Researchers led by Juan Carlos Izpisua Belmonte, who holds the Roger Guillemin Chair, have now developed a novel platform to study kidney diseases. For the first time, they have generated three-dimensional kidney structures from human stem cells, opening new avenues for studying the development and diseases of the kidneys and for discovering new drugs that target human kidney cells to help restore kidney function. The findings were reported in Nature Cell Biology.

Scientists had created precursors of kidney cells using stem cells as recently as last summer, but Izpisua Belmonte's team was the first to coax human stem cells into forming three-dimensional cellular structures similar to those found in kidneys. Their findings demonstrate for the first time that pluripotent stem cells (PSCs)—cells capable of differentiating into the many cells and tissue types that make up the body—can be made to develop into cells similar to those found in the ureteric bud, an early developmental structure of the kidneys, and then can be further differentiated into three-dimensional structures in organ cultures. The scientists accomplished this with both human embryonic stem cells and induced pluripotent stem cells (iPSCs), human cells from the skin that have been reprogrammed into their pluripotent state.

After generating iPSCs that demonstrated pluripotent properties and were able to differentiate into mesoderm, a germ cell layer from which the kidneys develop, the researchers made use of growth factors known to be essential during the natural development of kidneys to culture both iPSCs and embryonic stem cells. This was sufficient to commit the cells toward progenitors that exhibited clear characteristics of renal cells in only four days.

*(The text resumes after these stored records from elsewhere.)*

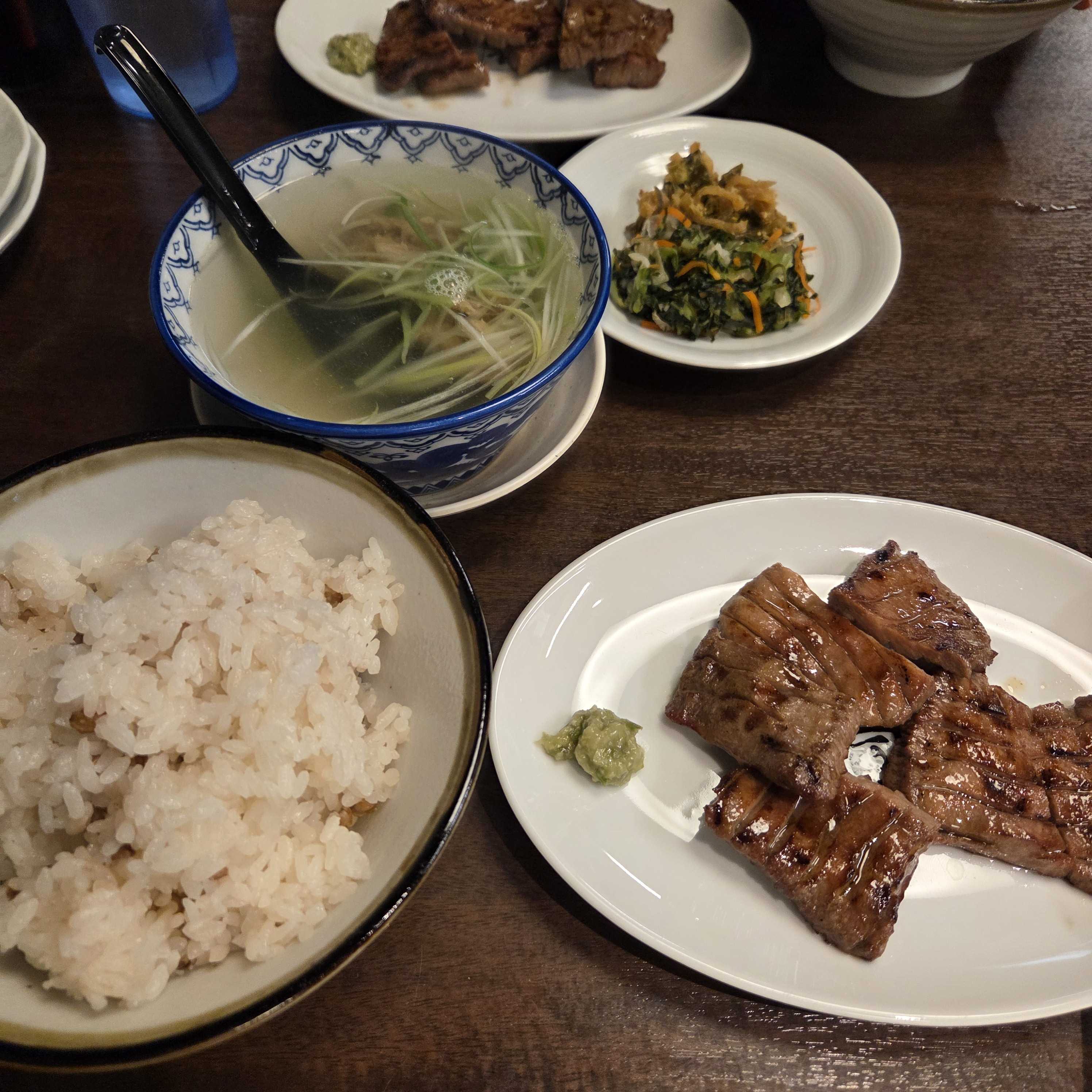 朝8時に伊丹空港✈️ そこから仙台へ お昼には仙台駅に到着 昼ごはん 牛タンは夜のお楽しみと思ってたけど そこら中で肉のいい匂いが 我慢できずに牛タン 牛タン定食 テールスープとお漬け物が添えられてる このテールスープがおいしい😍🎶 あっさりしながら味もしっかり そして牛タン 普通食べてる牛タンはもっと薄くてと思ってるのにまあまあ分厚い そしておいしい😋🍴💕 うますぎる ここまで牛タンがおいしいとは思わなかった でもこの定食およそ3,000円 それどうかな? 高い値段出すならおいしくて当たり前 もう少し安けりゃな そして夜 ここでも牛タン 定食 このテールスープとお漬け物は決まりなのかな 同じものがついてる これもまたおいしい😋🍴💕 たたきも頼んで たたきはポン酢がおいしいので当たり前 ここも牛タンはおいしすぎた でも約3,000円 仕方ないのか 一応仕事なんで明日は視察で歩き回る 牛タンパワーがそこまでもつかな😂😂
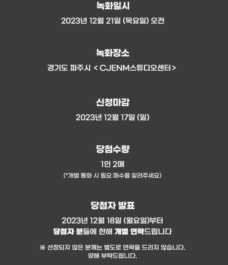 - 녹화 장소 : 경기도 파주시 <CJENM 스튜디오센터>
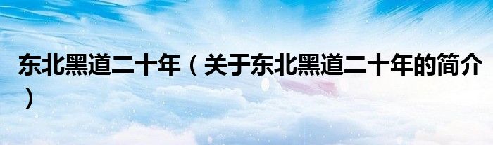 本文關于東北黑道二十年的簡介就講解完畢,希望對大家有所幫助。
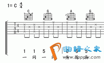 3。扫弦节拍记谱:谱上方有一个幼方格或是写着和弦名称,正在六条线上画“↑”、“↓”等符号。【谱上的和弦是你左手要按的,“↑”、“↓”流露扫弦倾向】
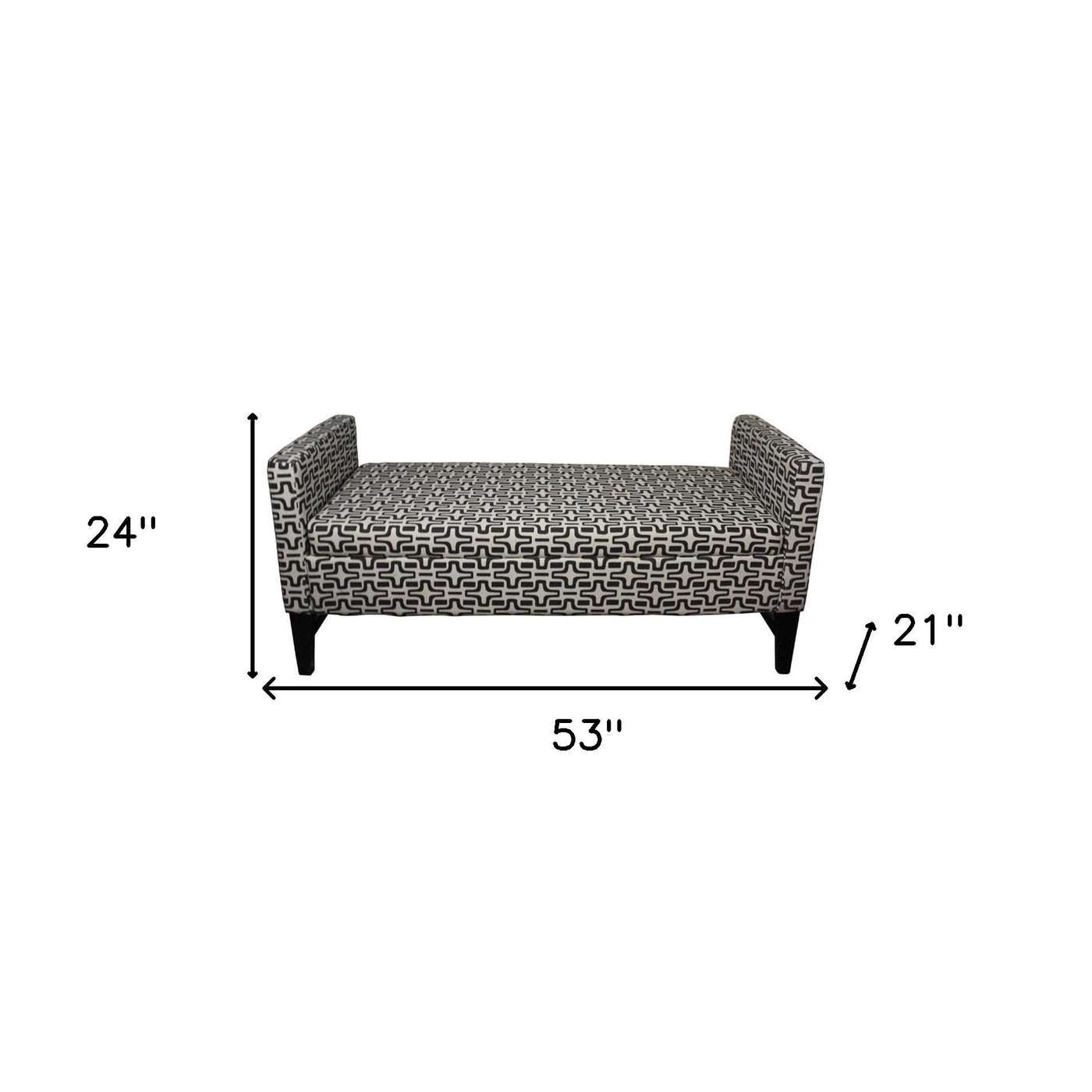 Add a stylish finishing touch to your home with the modern dark brown and white retro star print storage bench. A classic multifunctional piece, this bench can be an additional seating option and a practical storage option for your living room, office or home office. It features hidden storage space with a convenient pull-up mechanism, plush foam padding for maximum comfort, and is masterfully upholstered in a beautiful printed fabric. The dark wenge black tapered wood legs add an elegant touch, making this bench a stylish and practical way to add seating and organization to your space. 24'H x 53'W x 21'D
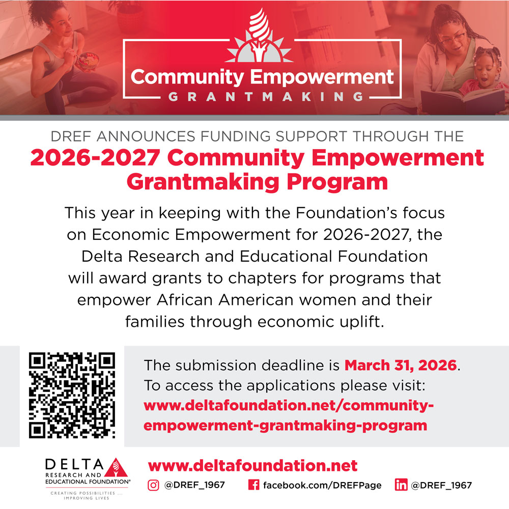This year in keeping with the Foundation’s focus on Economic Empowerment for 2026-2027, the Delta Research and Educational Foundation will award grants to chapters for programs that empower African American women and their families through economic uplift.
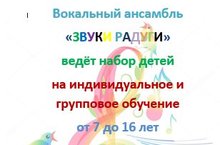 Вокальный ансамбль "Звуки радуги" объявляет набор детей на индивидуальное и групповое обучение от 7 до 16 лет. Ты хочешь научиться петь, не бояться сцены? Завести много друзей? Тогда тебе нужно именно к нам!
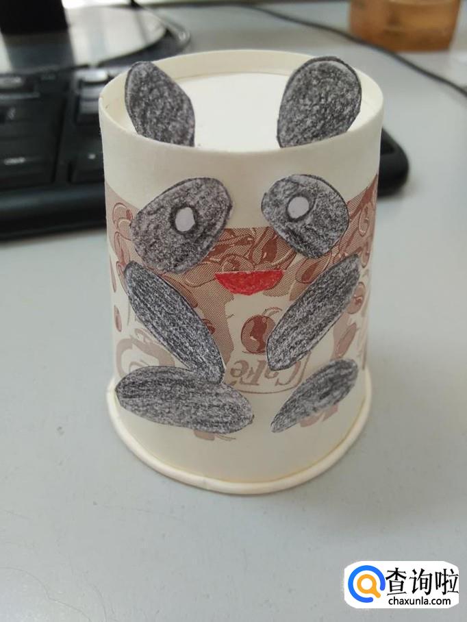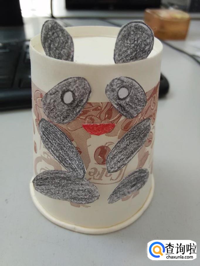 将两只耳朵粘在纸杯的上方,将眼睛和嘴粘在纸杯的中间,将四肢粘在纸杯的下方,一个可爱的纸杯熊猫就做好了。
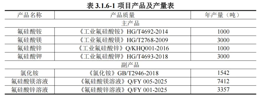 建设内容:项目建设多功能可溶性氟盐装置(氟硅酸铵、镁、锌、钾综合生产装置)及配套公辅设施(消防、应急等),形成年产8000吨氟硅酸盐生产能力。
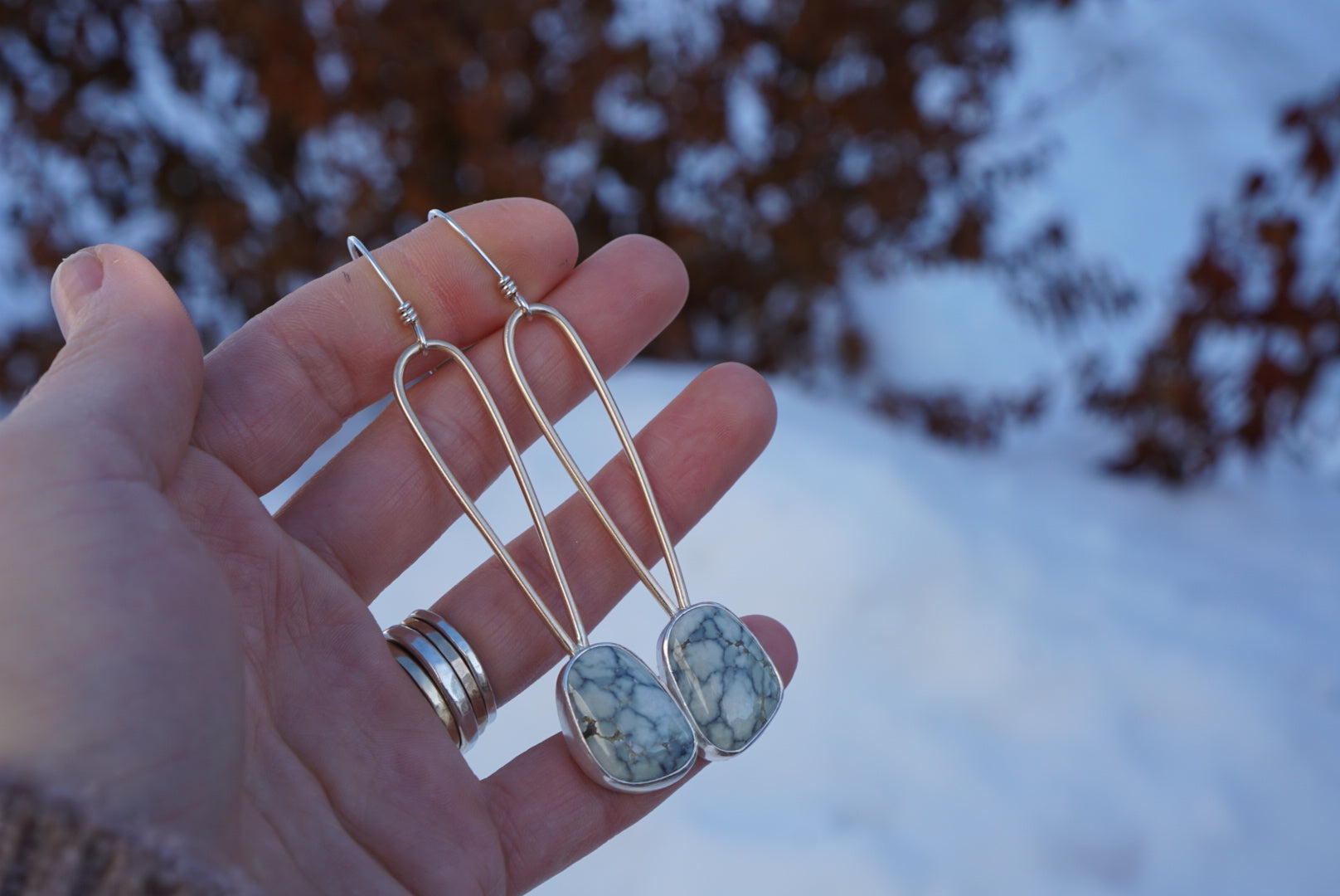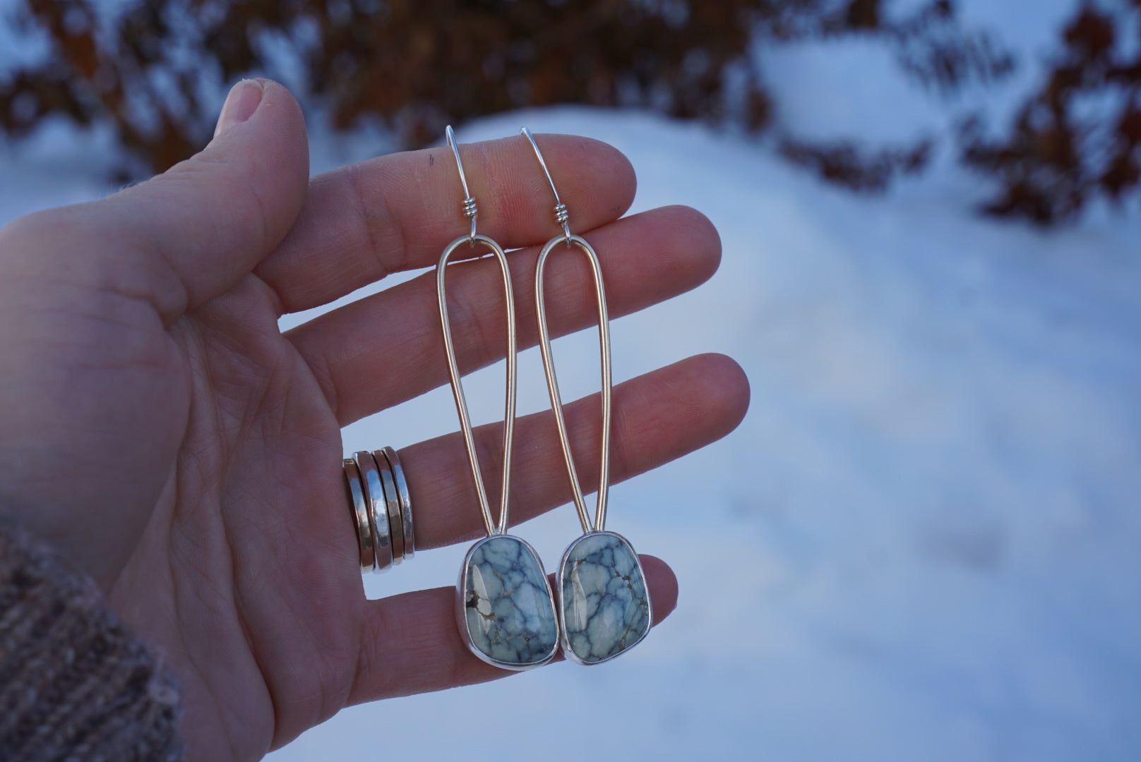Classics!! Beautiful hunks of creamy white and grey Ivory Creek Variscite gems are simply set in fine silver and nestled at the base of large 14k Gold fill handmade loops. Earrings dangle from handmade sterling silver earwires. Earrings measure about 3.25 inches in length from the top of the earwires to the base of the earring.
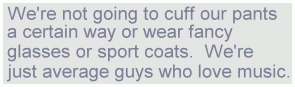 way or wear fancy glasses or sport coats. We're just average guys
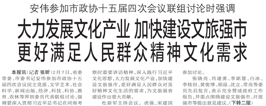 2月7日,省委常委、市委书记安伟参加市政协十五届四次会议民主党派、文学艺术、社会科学、新闻出版、经济、科技、科协、教育、农林等界别委员代表联组讨论,强调要深入贯彻习近平总书记在河南考察时重要讲话精神,深入践行习近平文化思想,大力发展文化产业,加快建设文旅强市,更好满足人民群众对美好精神文化生活的需求,为文旅强省建设作出更大贡献。(今日《郑州日报》1版、2版)
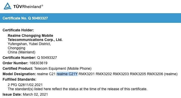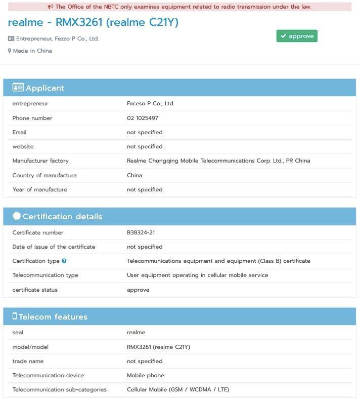 Realme काफी समय से भारतीय बाजार में अपने लो बजट स्मार्टफोन सेगमेंट पर ज्यादा ध्यान दे रही है। वहीं, कुछ समय पहले एक रिपोर्ट सामने आई थी, जिसके मुताबिक Realme C25s नाम का नया फोन जल्द ही इंडिया में लॉन्च होने वाला है। इसके अलावा काफी समय से खबर सामने आ रही है कि कंपनी C21 के नए वेरिएंट यानी C21Y को पेश करने की योजना बना रही है। यह फोन लॉन्च से पहले NBTC वेबसाइट पर स्पॉट हुआ है। लिस्टिंग में फोन का मॉडल नंबर व moniker पता लगा है। इसके अलावा अपकमिंग Realme स्मार्टफोन की कोई और जानकारी इस लिस्टिंग में सामने नहीं आई है।
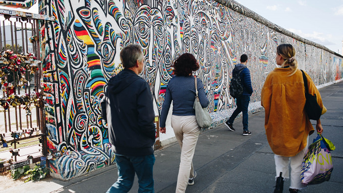 Berlin ist eine Hochburg, wenn es um Kunst im öffentlichen Raum geht. Die East Side Gallery gehört mit ihren 1,3 Kilometern zu den längsten Open-Air-Galerien der Welt und erinnert zugleich an die bewegte Geschichte des geteilten Berlins. Auf den Mauerresten haben sich ab 1990 Künstler*innen mit verschiedenen Motiven verewigt, die an "die Überwindung des eisernen Vorhangs in Europa" und die Freude über eine friedliche Revolution und den Mauerfall von 1989 erinnern sollen. 2009 wurde die East Side Gallery saniert. Mittlerweile befinden sich wieder über 100 großformatige Murals an der Mauer, die jedes Jahr mehr als drei Millionen Tourist*innenen anzieht. Seit 2018 steht die East Side Gallery auch unter Denkmalschutz.

Izpisua Belmonte's team also tested their protocol on iPSCs from a patient clinically diagnosed with polycystic kidney disease (PKD), a genetic disorder characterized by multiple, fluid- filled cysts that can lead to decreased kidney function and kidney failure. They found their methodology could produce kidney structures from patient-derived iPSCs. Because of the many clinical manifestations of the disease, neither gene- nor antibody-based therapies are realistic approaches for treating PKD. Izpisua Belmonte's technique might help circumvent this obstacle and provide a reliable platform for pharmaceutical companies and investigators studying drug-based therapeutics for PKD and other kidney conditions.